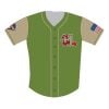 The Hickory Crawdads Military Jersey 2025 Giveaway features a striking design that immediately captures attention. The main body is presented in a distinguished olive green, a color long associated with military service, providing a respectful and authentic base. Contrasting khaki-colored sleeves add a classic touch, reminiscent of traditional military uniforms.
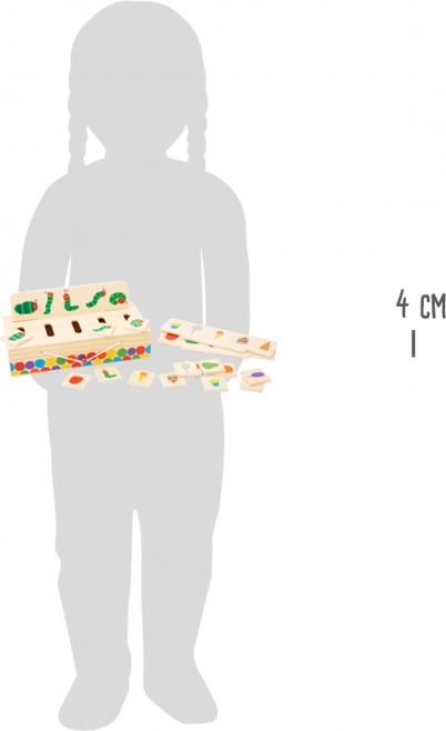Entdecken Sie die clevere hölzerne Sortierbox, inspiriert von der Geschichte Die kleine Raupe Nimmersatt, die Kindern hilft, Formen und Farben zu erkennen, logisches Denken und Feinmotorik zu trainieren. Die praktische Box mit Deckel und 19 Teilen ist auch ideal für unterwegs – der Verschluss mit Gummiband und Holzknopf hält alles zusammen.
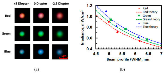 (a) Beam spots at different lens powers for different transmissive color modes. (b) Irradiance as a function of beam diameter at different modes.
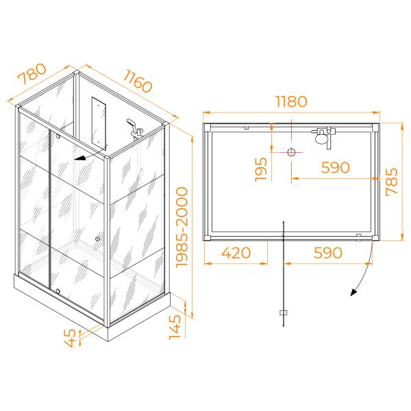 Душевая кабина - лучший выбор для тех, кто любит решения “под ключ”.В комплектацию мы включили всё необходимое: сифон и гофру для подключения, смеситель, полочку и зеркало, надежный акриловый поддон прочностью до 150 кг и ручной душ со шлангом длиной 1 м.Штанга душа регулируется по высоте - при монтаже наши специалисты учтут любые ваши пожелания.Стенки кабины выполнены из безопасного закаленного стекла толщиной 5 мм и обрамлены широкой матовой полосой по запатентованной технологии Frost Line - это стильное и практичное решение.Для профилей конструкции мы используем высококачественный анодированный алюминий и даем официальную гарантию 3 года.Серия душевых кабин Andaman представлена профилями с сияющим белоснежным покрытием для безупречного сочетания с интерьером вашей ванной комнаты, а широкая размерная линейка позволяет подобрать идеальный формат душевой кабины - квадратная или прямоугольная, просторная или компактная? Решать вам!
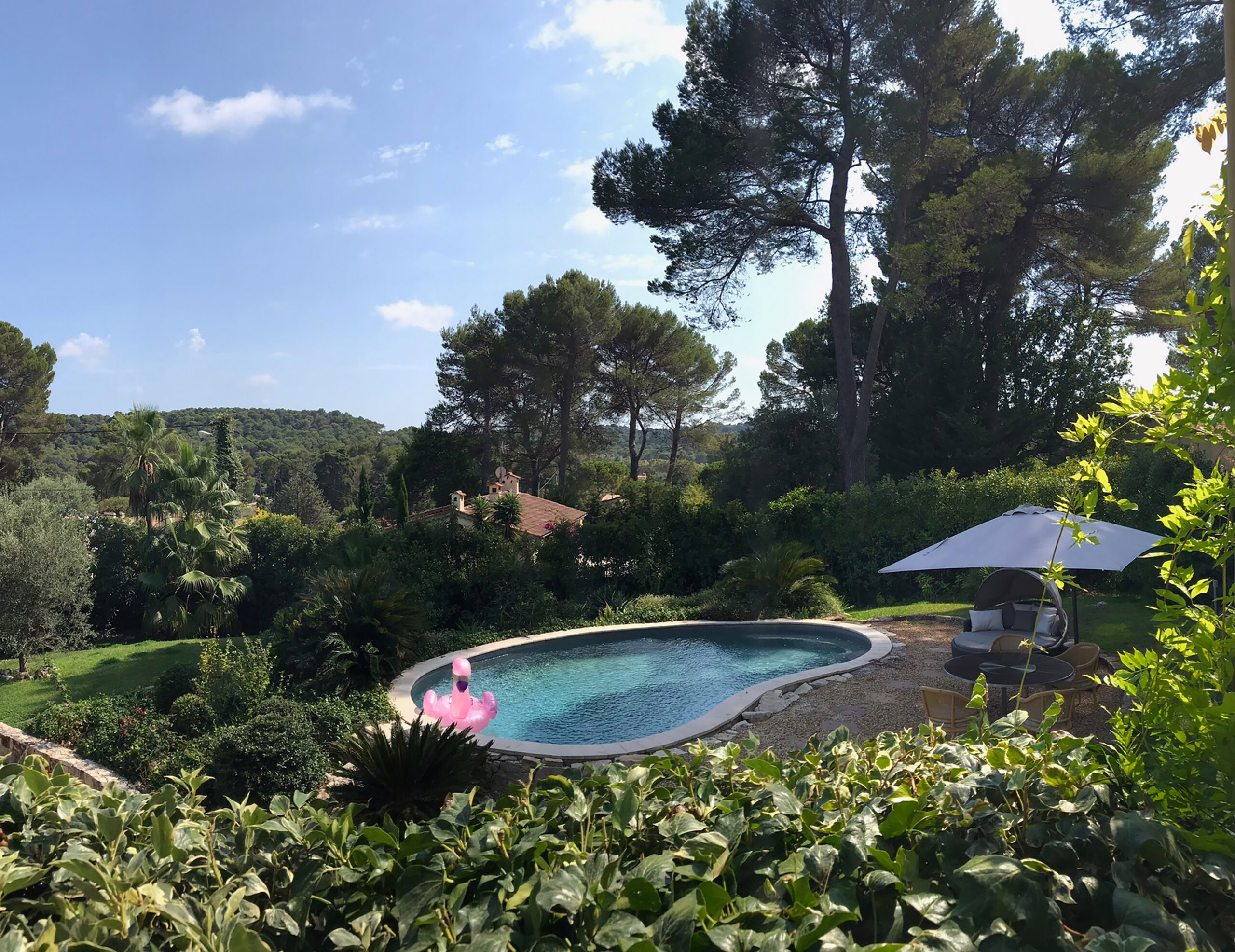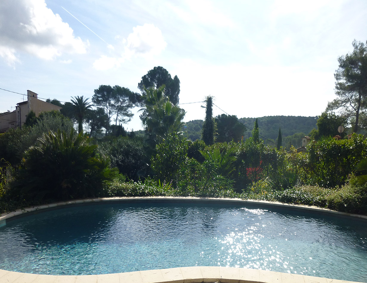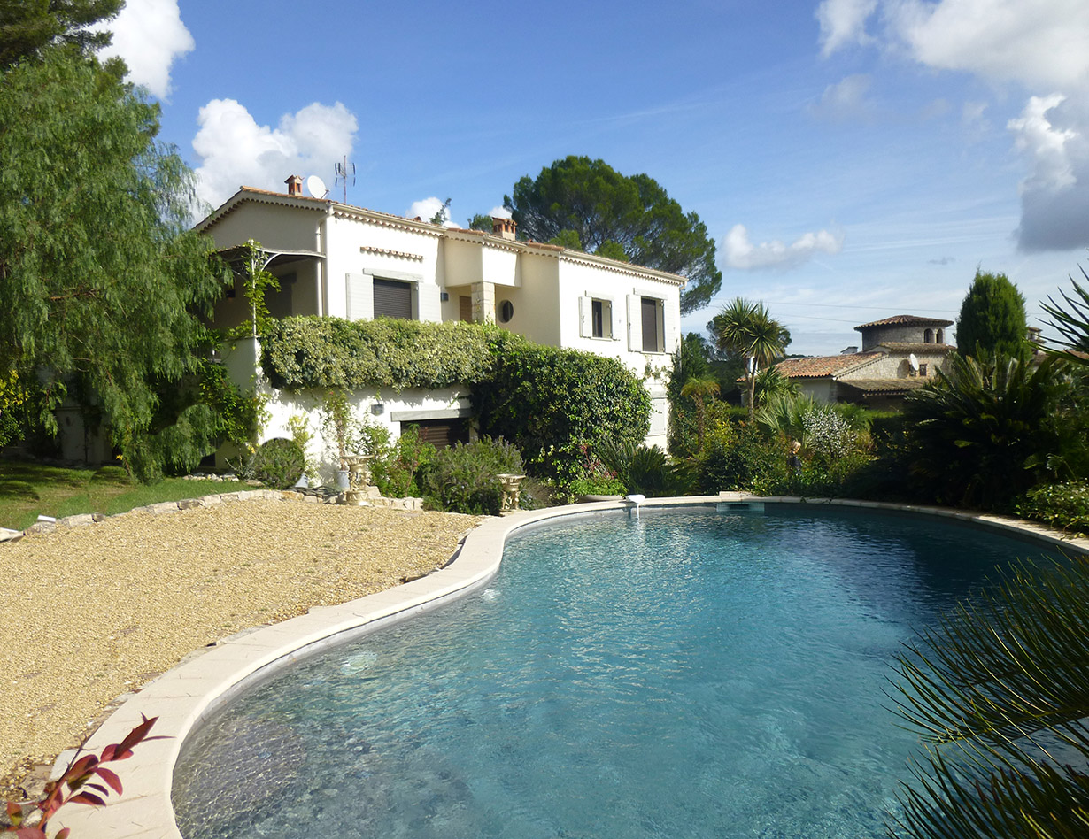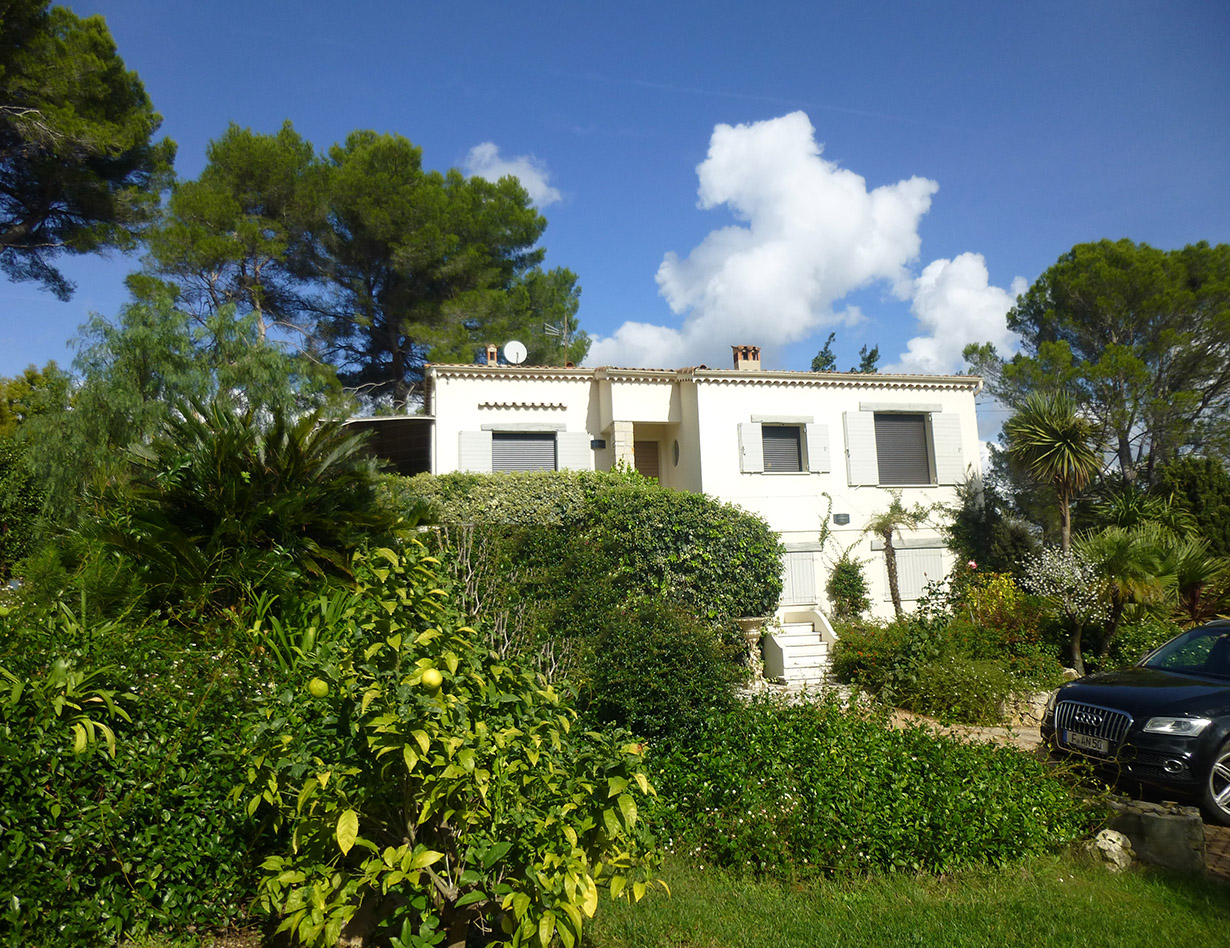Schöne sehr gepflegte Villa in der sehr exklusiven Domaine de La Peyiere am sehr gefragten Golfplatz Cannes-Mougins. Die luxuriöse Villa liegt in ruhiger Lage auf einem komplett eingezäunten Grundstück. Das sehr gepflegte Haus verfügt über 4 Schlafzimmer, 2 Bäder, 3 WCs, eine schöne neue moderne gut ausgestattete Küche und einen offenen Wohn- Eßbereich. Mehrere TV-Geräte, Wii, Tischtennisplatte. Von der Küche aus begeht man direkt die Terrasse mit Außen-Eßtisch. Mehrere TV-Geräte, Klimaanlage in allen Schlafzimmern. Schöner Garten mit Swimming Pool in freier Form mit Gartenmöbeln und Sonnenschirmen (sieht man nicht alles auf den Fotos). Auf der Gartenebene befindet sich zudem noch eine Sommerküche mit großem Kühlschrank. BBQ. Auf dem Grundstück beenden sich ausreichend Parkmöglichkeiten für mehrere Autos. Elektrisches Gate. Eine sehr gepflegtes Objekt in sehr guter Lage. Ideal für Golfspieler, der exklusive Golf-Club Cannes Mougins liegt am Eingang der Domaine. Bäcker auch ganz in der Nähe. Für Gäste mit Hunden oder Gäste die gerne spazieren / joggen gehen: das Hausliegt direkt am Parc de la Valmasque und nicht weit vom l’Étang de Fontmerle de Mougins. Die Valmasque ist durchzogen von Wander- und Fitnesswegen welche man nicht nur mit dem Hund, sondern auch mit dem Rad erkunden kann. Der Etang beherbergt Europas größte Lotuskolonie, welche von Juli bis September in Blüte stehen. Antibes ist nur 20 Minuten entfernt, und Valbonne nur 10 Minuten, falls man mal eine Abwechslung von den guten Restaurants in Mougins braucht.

----

With the pictures left out, transcribe the material exactly.

 The Hickory Crawdads Military Jersey 2025 Giveaway features a striking design that immediately captures attention. The main body is presented in a distinguished olive green, a color long associated with military service, providing a respectful and authentic base. Contrasting khaki-colored sleeves add a classic touch, reminiscent of traditional military uniforms.
Entdecken Sie die clevere hölzerne Sortierbox, inspiriert von der Geschichte Die kleine Raupe Nimmersatt, die Kindern hilft, Formen und Farben zu erkennen, logisches Denken und Feinmotorik zu trainieren. Die praktische Box mit Deckel und 19 Teilen ist auch ideal für unterwegs – der Verschluss mit Gummiband und Holzknopf hält alles zusammen.
 (a) Beam spots at different lens powers for different transmissive color modes. (b) Irradiance as a function of beam diameter at different modes.
 Душевая кабина - лучший выбор для тех, кто любит решения “под ключ”.В комплектацию мы включили всё необходимое: сифон и гофру для подключения, смеситель, полочку и зеркало, надежный акриловый поддон прочностью до 150 кг и ручной душ со шлангом длиной 1 м.Штанга душа регулируется по высоте - при монтаже наши специалисты учтут любые ваши пожелания.Стенки кабины выполнены из безопасного закаленного стекла толщиной 5 мм и обрамлены широкой матовой полосой по запатентованной технологии Frost Line - это стильное и практичное решение.Для профилей конструкции мы используем высококачественный анодированный алюминий и даем официальную гарантию 3 года.Серия душевых кабин Andaman представлена профилями с сияющим белоснежным покрытием для безупречного сочетания с интерьером вашей ванной комнаты, а широкая размерная линейка позволяет подобрать идеальный формат душевой кабины - квадратная или прямоугольная, просторная или компактная? Решать вам!
Schöne sehr gepflegte Villa in der sehr exklusiven Domaine de La Peyiere am sehr gefragten Golfplatz Cannes-Mougins. Die luxuriöse Villa liegt in ruhiger Lage auf einem komplett eingezäunten Grundstück. Das sehr gepflegte Haus verfügt über 4 Schlafzimmer, 2 Bäder, 3 WCs, eine schöne neue moderne gut ausgestattete Küche und einen offenen Wohn- Eßbereich. Mehrere TV-Geräte, Wii, Tischtennisplatte. Von der Küche aus begeht man direkt die Terrasse mit Außen-Eßtisch. Mehrere TV-Geräte, Klimaanlage in allen Schlafzimmern. Schöner Garten mit Swimming Pool in freier Form mit Gartenmöbeln und Sonnenschirmen (sieht man nicht alles auf den Fotos). Auf der Gartenebene befindet sich zudem noch eine Sommerküche mit großem Kühlschrank. BBQ. Auf dem Grundstück beenden sich ausreichend Parkmöglichkeiten für mehrere Autos. Elektrisches Gate. Eine sehr gepflegtes Objekt in sehr guter Lage. Ideal für Golfspieler, der exklusive Golf-Club Cannes Mougins liegt am Eingang der Domaine. Bäcker auch ganz in der Nähe. Für Gäste mit Hunden oder Gäste die gerne spazieren / joggen gehen: das Hausliegt direkt am Parc de la Valmasque und nicht weit vom l’Étang de Fontmerle de Mougins. Die Valmasque ist durchzogen von Wander- und Fitnesswegen welche man nicht nur mit dem Hund, sondern auch mit dem Rad erkunden kann. Der Etang beherbergt Europas größte Lotuskolonie, welche von Juli bis September in Blüte stehen. Antibes ist nur 20 Minuten entfernt, und Valbonne nur 10 Minuten, falls man mal eine Abwechslung von den guten Restaurants in Mougins braucht.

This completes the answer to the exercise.